How can there be bloat if there are no deletes or modifies?

Even if there were deletes or modifies (there will be in about another year
and a half), if a vacuum is being performed every night, how can there be
bloat? The vacuum should release the dead space and it should be reused.
Am I missing something?

There are currently no deletes or modifies to the database - only inserts.

You *certain* about that? It's hard to see how the vacuum time wouldn't
be linear in table size if there's nothing to do and no dead space.

Absolutely sure. The only case that would approach a delete is if a batch
load fails, the transaction is rolled back. That very seldom happens.
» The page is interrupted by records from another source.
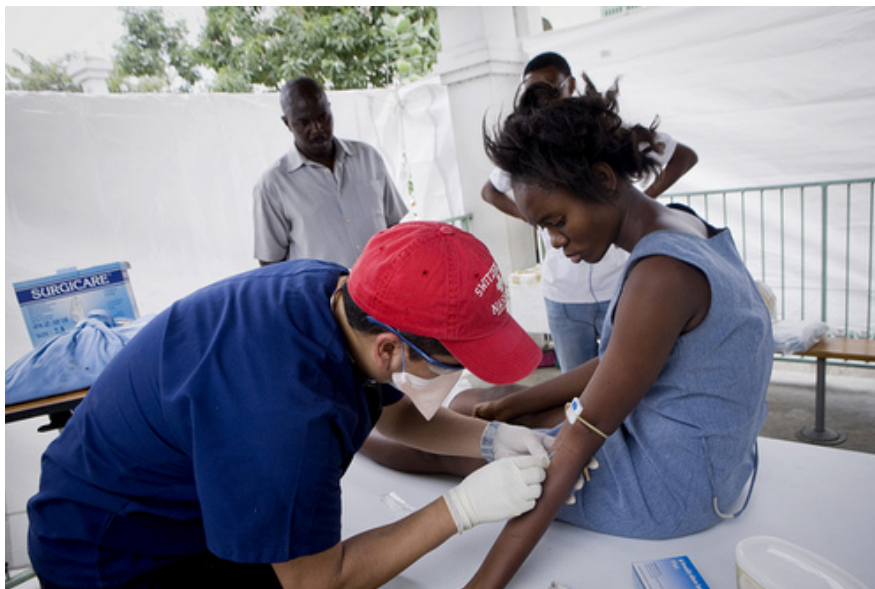
Un médico de Cáritas atiende a una de las víctimas del terremoto.

Asimismo, el Programa Mundial de Alimentos ha asignado a la red Cáritas tres zonas de distribución de alimentos en Puerto Príncipe: una que incluye las áreas del Champ de Mars y el palacio presidencial, otra que abarca el Golf Club de Petionville y una tercera, en la zona de Cazeau. En cada uno de estos sectores, Cáritas lleva a cabo operaciones de reparto de sacos de 25 Kg de arroz a las familias damnificadas.
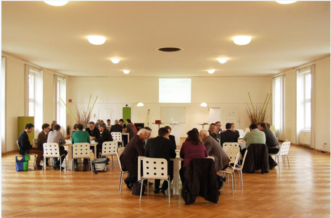
Immagine 10: Alcuni stakeholder lavorano assieme su una sfida per la città di Graz.

Perché pensi che la collaborazione di attori provenienti da diversi settori potrebbe essere importante nel processo di pianificazione della città?
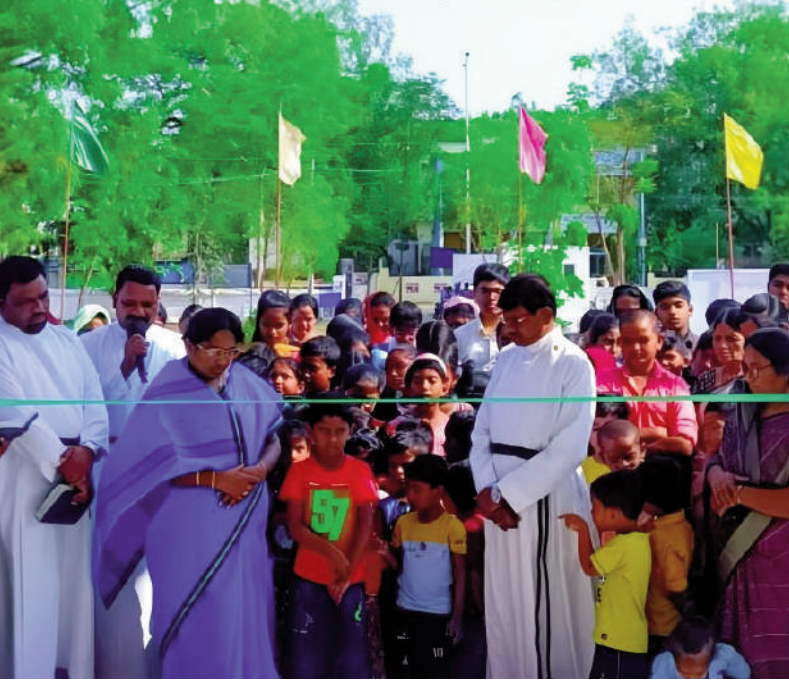
టైమ్స్ ఆఫ్ వార్త - మెండోర

Why am I running vacuum nightly if I have no deletes or updates, you ask?
Two reasons - to have it in the cron schedule for when there are deletes
(there will never be updates), and as a check on database integrity. If
there is a database problem, vacuum at least has a chance of flagging it
since it reads the entire database. This was instigated after we had a
couple of instances of corruption a while back that went undetected for too
long. I'm also doing a weekly pg_dumpall as an additional check/fallback.

Again, VACUUM VERBOSE info would be informative (it's sufficient to look
at your larger tables for this).

I'll set that up to run tonight and see if it gives any clues. Last night,
vacuum ran over 5 hours.

Wes

#4Wes
wespvp@syntegra.com
In reply to: Tom Lane (#2)
Re: Vacuum time degrading

On 2/28/05 6:53 PM, "Tom Lane" <tgl@sss.pgh.pa.us> wrote:

It's hard to see how the vacuum time wouldn't
be linear in table size if there's nothing to do and no dead space.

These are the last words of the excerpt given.